#### load dependencies

In [1]:
import cv2
import os
import pandas as pd 
import sys
from collections import defaultdict
from tqdm import tqdm

from autodistill_grounded_sam import GroundedSAM
from autodistill.detection import CaptionOntology



#### configuration

- set your working directory to the root of the repo
- append the scripts folder to the python path, so you can load the utility script 

In [2]:
os.chdir(r"D:\git-repos\mluerig\grounded-sam-intro")
sys.path.append("scripts")
from utils import model_helpers

pkg_resources is deprecated as an API. See https://setuptools.pypa.io/en/latest/pkg_resources.html. The pkg_resources package is slated for removal as early as 2025-11-30. Refrain from using this package or pin to Setuptools<81.


#### load the model

- initialize GroundedSAM model with your search ontology, in this case, for butterfly detection
- set text and box thresholds for detection sensitivity (0.1 = everything above 10% detection confidence will be included)
- I'd recommend setting those sensitivies not too high, and instead, filter our unwanted masks yourself later 
- you can add multiple labels

In [3]:
base_model = GroundedSAM(
    ontology=CaptionOntology({
        "butterfly": "butterfly",
        # "label": "label", ## example of adding more classes
        # "ruler": "ruler", ## example of adding more classes
        }),
    text_threshold = 0.1,
    box_threshold = 0.1,
    )


trying to load grounding dino directly


torch.meshgrid: in an upcoming release, it will be required to pass the indexing argument. (Triggered internally at C:\actions-runner\_work\pytorch\pytorch\pytorch\aten\src\ATen\native\TensorShape.cpp:4319.)

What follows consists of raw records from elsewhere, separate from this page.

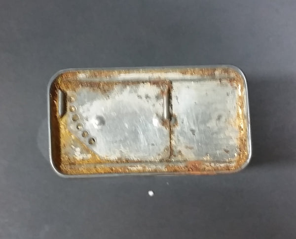 Small dent and scratch on the one side, some rust on the top, minimal wear, and still NEARLY FULL to the top.
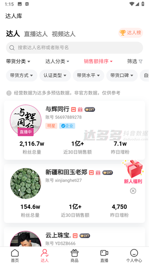2. 来到达人页面,你能够依据自身需求的分类,挑选想要了解的达人详细信息。
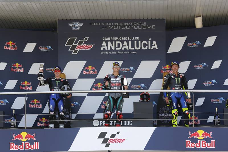 Gilamotor.com – Pembalap Yamaha yakni Fabio Quartararo, Maverick Vinales dan Valentino Rossi kuasai seri kedua MotoGP Andalusia di Circuito de Jerez – Angel Nieto, Spanyol, pada hari Minggu (26/7).
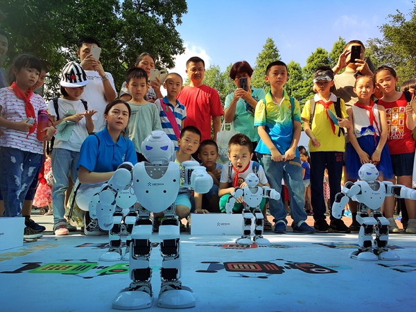 在科技展示区有无人机、VR体验、3D打印、未来教室、机器人体验、人机交互体验、PS4体感游戏等7个科技体验项目,孩子们爽朗的欢笑声和此起彼伏的赞叹声飘荡在明媚的阳光下,到处洋溢着欢乐的节日气氛。看“阿尔法”春晚跳舞机器人、3D打印机“吐出”一块块精美的巧克力、LEGO NXT2.0机器人与魔方机器人等科技小制作作品引人注目。体验区,五轴机械臂、遥控空中飞鱼、VR虚拟现实体验,令人眼花缭乱;手势控制夹娃娃机、与3D打印机器人猜拳,寻迹车与漂移自动射击车;弹奏“电子键盘”、做“冰激凌”、设计“3D模型”忙得不亦乐乎。最精彩的“无人机”伴随着微微凉风,直飞半空,爆发力十足,引起学生们阵阵惊呼声与掌声。
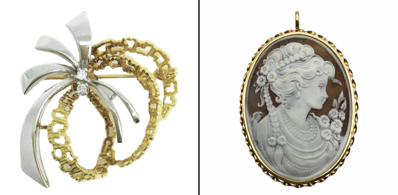 よく、まとめて複数点お持ちいただくアクセサリーの中に入っているのがブローチ。
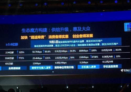 中国电信董事长杨杰27日在广州举行的第九届“天翼智能生态博览会”上表示,近年来中国电信加快“提速降费”工作步伐,宽带接入速率连续两年累计提升了3.65倍,宽带接入平均单价连续两年累计下降了81%;手机流量平均单价连续两年累计下降了57.4%。中国电信将于9月1日起,全面取消手机国内长途、漫游费,预计将惠及8000万用户。此外,电信还将大幅降低国际及港澳台长话资费以及数据漫游资费。
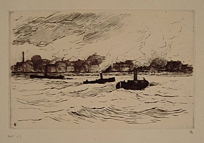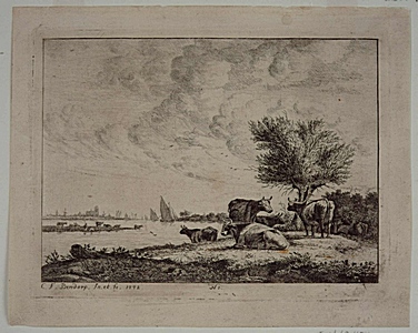De oevers van de Merwede. In de verte Dordrecht
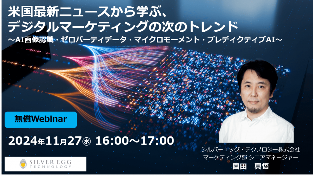 11月27日開催 米国最新ニュースから学ぶ、デジタルマーケティングの次のトレンド~AI画像認識・ゼロパーティデータ・マイクロモーメント・プレディクティブAI~SILVER EGG TECHNOLOGY。
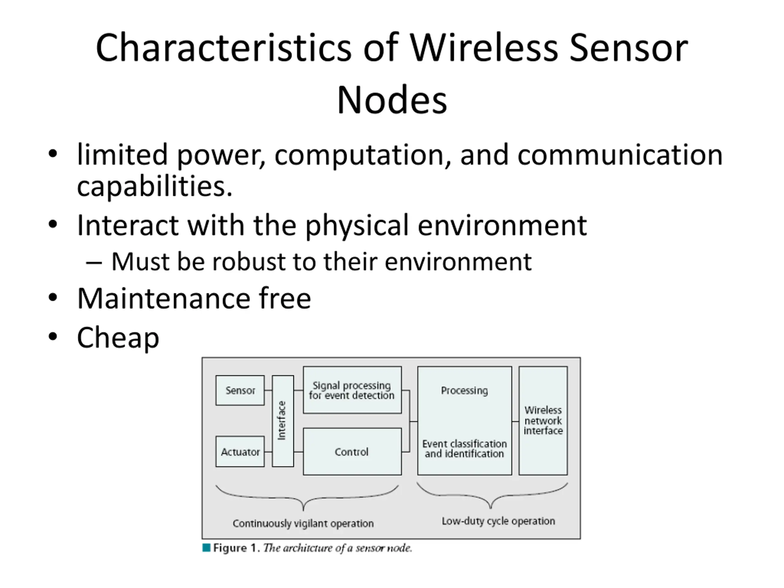 Characteristics of Wireless Sensor Nodes limited power, computation, and communication capabilities. Interact with the physical environment Must be robust to their environment Maintenance free Cheap
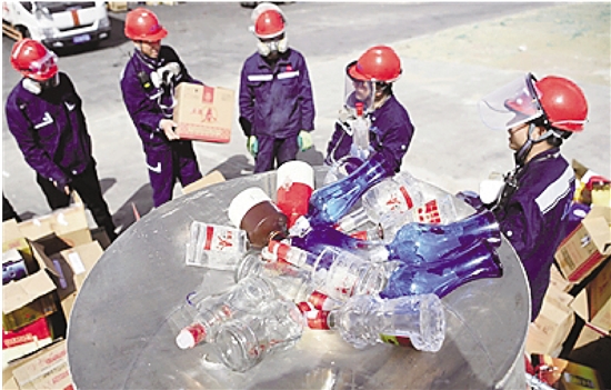 | 工作人员在对假冒白酒进行无害化销毁。资料照片 |
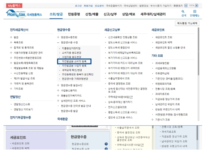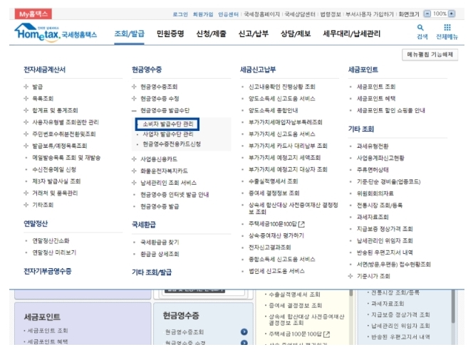 깜빡한 현금영수증 홈택스에서 발급받는 방법
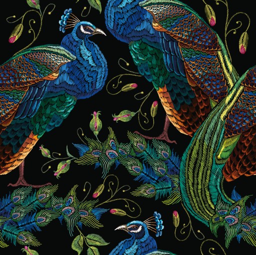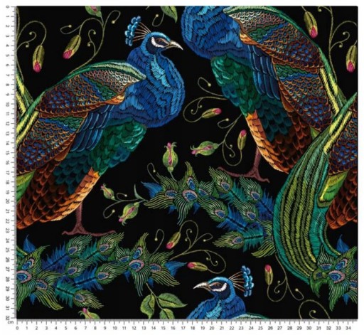 ТКАНЬ С ПРИНТОМ с узорами павлинов, бархат JARDEX09
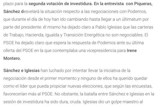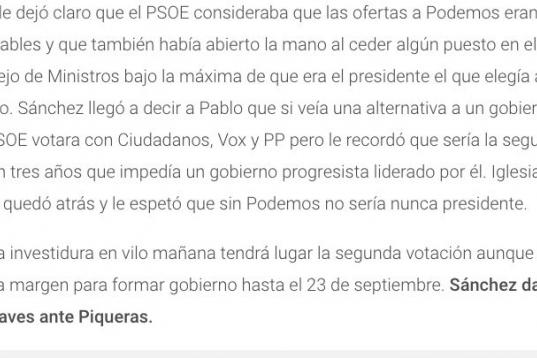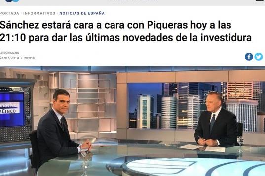 En su explicación a la audiencia, Pedro Piqueras apuntó que la entrevista se produciría el jueves, a partir de las 21 horas. Será, si finalmente se concreta, después de que Sánchez se someta a una votación de investidura a la que llega tras frenéticas y problemáticas negociaciones con Podemos.
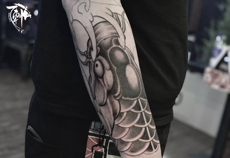 黑灰满背纹身图案
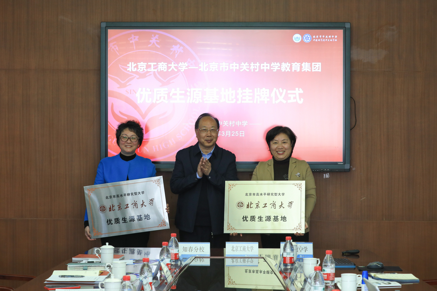 随后,我校与中关村中学及知春分校分别签署《优质生源基地合作协议》,并举行了“优质生源基地”授牌仪式。
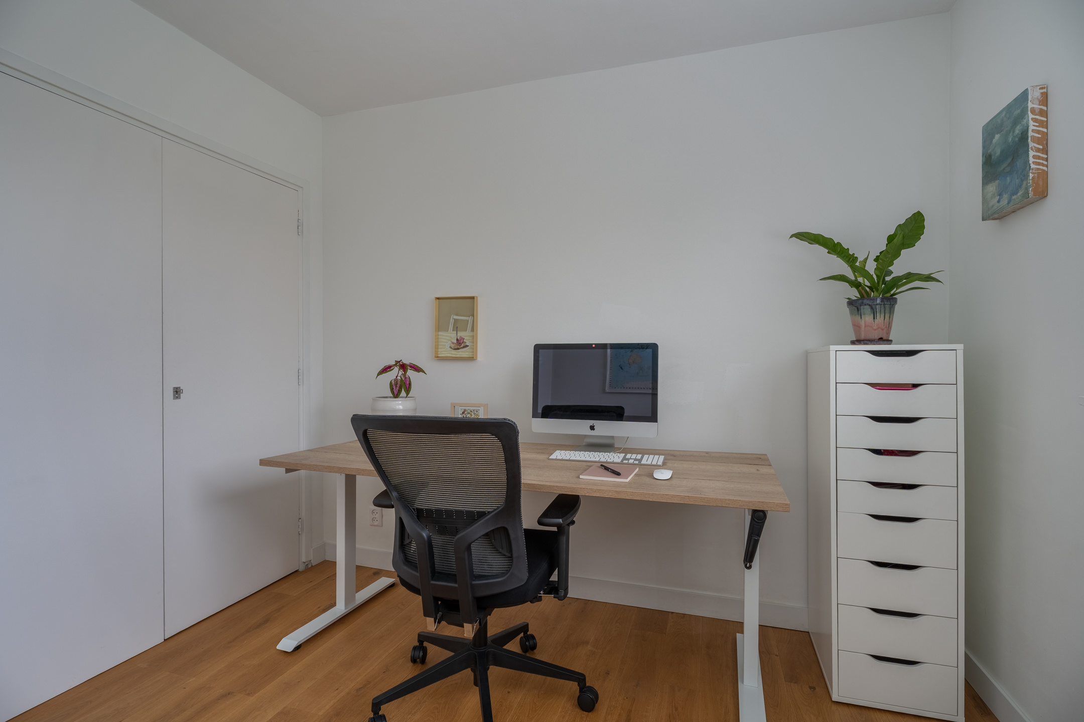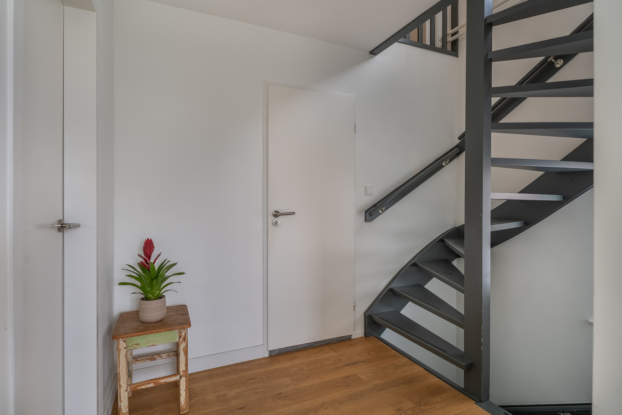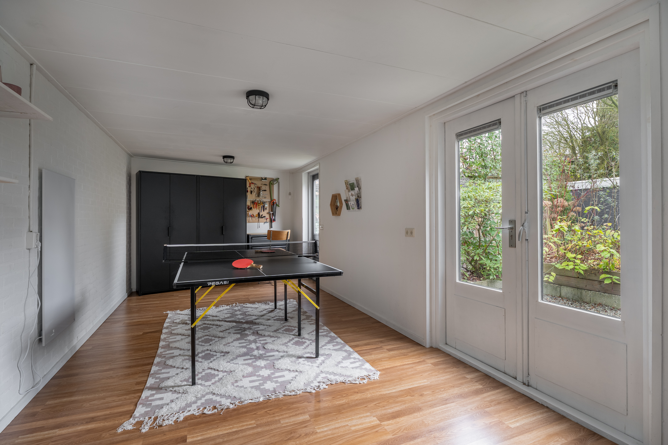 In de halfopen bijkeuken bevinden zich de aansluitingen voor de wasapparatuur, de achterdeur en de toegang tot de extra kamer. Deze ruimte is ideaal als werkkamer of, zoals eerder genoemd, als speelkamer. Worden de kinderen ouder, dan is dit een perfecte chill-ruimte. Ook hier is de afwerking keurig en via de openslaande deuren valt veel daglicht naar binnen. Daarnaast is in deze ruimte een van de omvormers van de zonnepanelen geplaatst.

final text_encoder_type: bert-base-uncased


#### collect all images

- this works with nested folders

In [None]:
## point to image root dir
root_dir = fr"data_raw\input_imgs\butterflies"

## loop through all subfolders
dict_imgs = defaultdict(list)
for root, dirs, files in tqdm(list(os.walk(root_dir))):
    for file_name in files:
        file_path = os.path.join(root, file_name)
        parts = os.path.normpath(file_path).split(os.sep)
        info = {
            "image_name": file_name,
            "image_path": file_path,
        }
        dict_imgs[file_name].append(info)

## make a df        
flattened_data = []
for key, value_list in dict_imgs.items():
    for value in value_list:
        flattened_entry = {}
        flattened_entry.update(value)
        flattened_data.append(flattened_entry)
data_imgs = pd.DataFrame(flattened_data)


100%|██████████| 1/1 [00:00<?, ?it/s]


#### set up how the results are stored

In [5]:
path_mask_root_dir = fr"data_raw/segmentation_masks-butterflies/"
path_seg_data = fr"data/segmentation_results-butterflies.csv"
os.makedirs(path_mask_root_dir, exist_ok=True)
os.makedirs(os.path.dirname(path_seg_data), exist_ok=True)
dict_results = {}

#### run segmentation

- depending on the size of your dataset, and whether you use a GPU or not, this can take a while
- this replicates the nested folder structure of your input folder, if it exists
- use a sensible minimum area cutoff to not include small, likely noisy detections 

In [6]:
min_area = 10000 ## min area in px

pbar = tqdm(total=len(data_imgs), position=0, leave=False, desc="Segmenting images")
for idx1, row in data_imgs.iterrows():
    
    ## pull info from df
    image_name = row["image_name"]
    image_path = row["image_path"]     
    base_image_name = os.path.splitext(image_name)[0]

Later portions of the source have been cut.